Por falar em voto, o paraense radicado em Ribeirão Preto foi um dos principais idealizadores do movimento “Democracia Corintiana”. Que tinha como principal ideal que todas as decisões referentes ao time de futebol seriam votadas por todos os funcionários do clube! Do mais humilde ao presidente, todos teriam o mesmo peso de voto! Com isso, os jogadores decidiam se deveriam ou não se concentrar antes dos jogos, quais outros jogadores eram necessários para a melhoria do time (como foi o caso de Leão!), e até como o dinheiro do “bicho” (premiação dada por êxitos alcançados dentro de campo), deveria ser dividido de maneira igualitária entre os jogadores, roupeiros, motoristas e todos os outros funcionários do clube!

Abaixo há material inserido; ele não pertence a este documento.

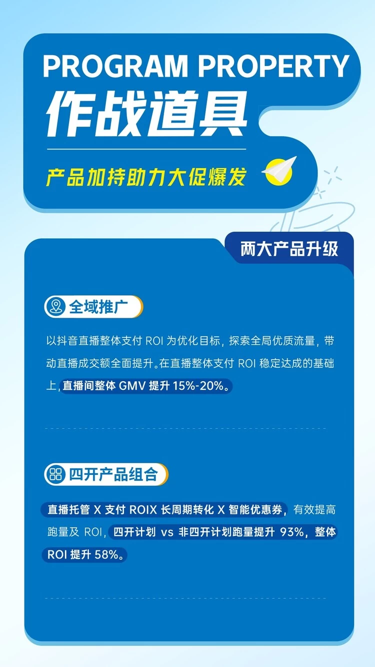 今年的巨量千川双11好物节实现了两大产品升级,分别为全域推广和四开产品组合。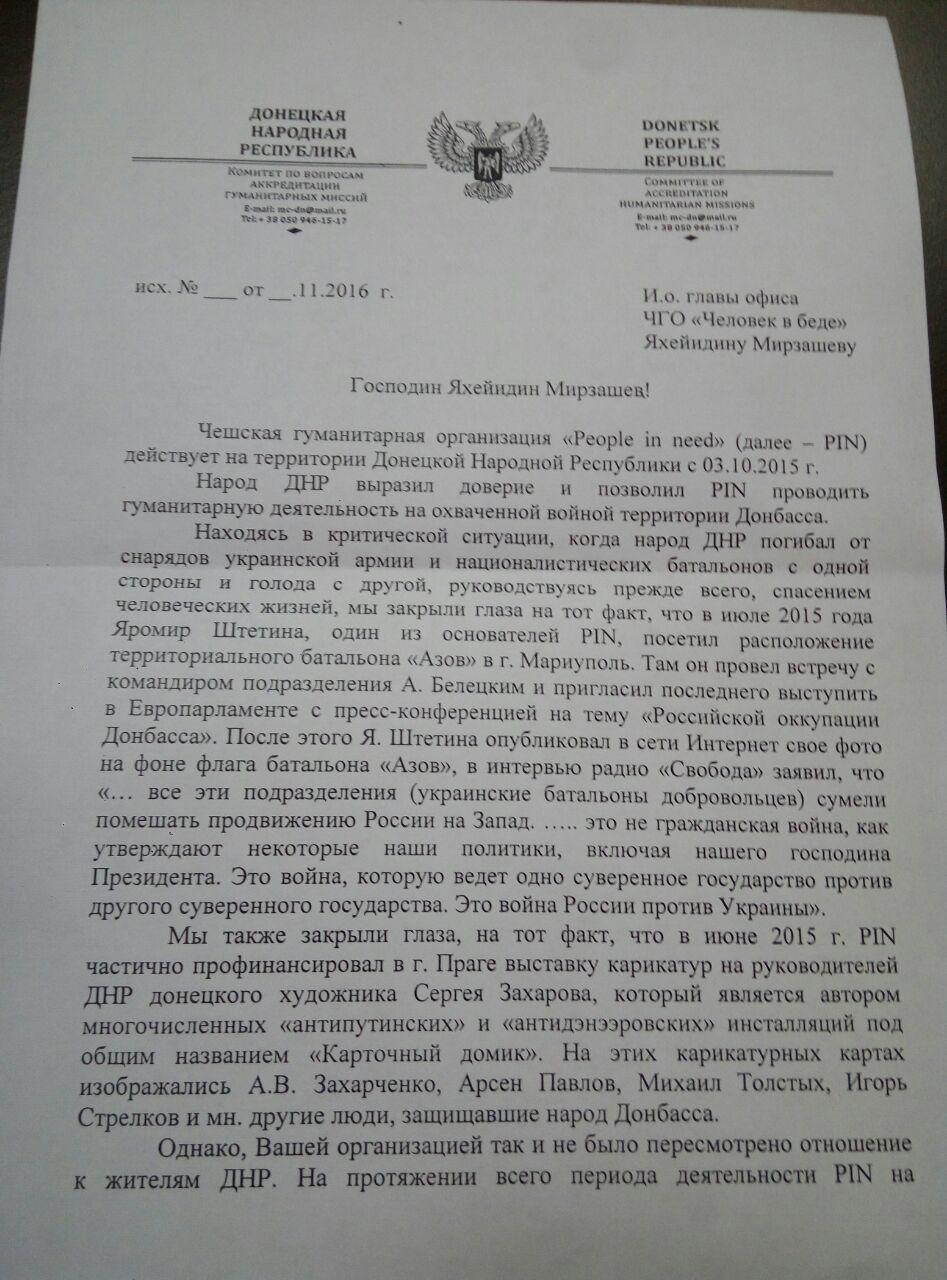 «Двадцать пятого ноября 2016 решением комитета по вопросам аккредитации гуманитарных организаций ДНР прекращена деятельность чешской международной общественной организации «Человек в беде», — отметили в пресс-службе. — Основанием запрета деятельности этой организации и отзывом ранее выданной лицензии послужило систематическое игнорирование требований комитета к реализуемым программам по выдаче гуманитарной помощи жителям ДНР и несоответствии деятельности организации «Человек в беде» ранее заявленным целям».

Era uma ideia de igualdade de direitos e deveres entre todos em um país que ainda estava na mão de uma ditadura! Obviamente, muitos não foram a favor desse conceito de liberdade, mas o que fazer? O Corinthians era o time mais popular de São Paulo, e Sócrates, o cabeça do movimento era não só um dos maiores jogadores do clube, como da Seleção Brasileira!

Mesmo com alguns reacionários de plantão a atacar essa ideologia com viés marxista em meio ao futebol, e algumas “fichadas” recebidas pelos policiais, o Regime Militar do início dos anos 1980 já não tinha forças suficientes para impedir essa revolução política dentro do futebol, ou seria do futebol dentro da política?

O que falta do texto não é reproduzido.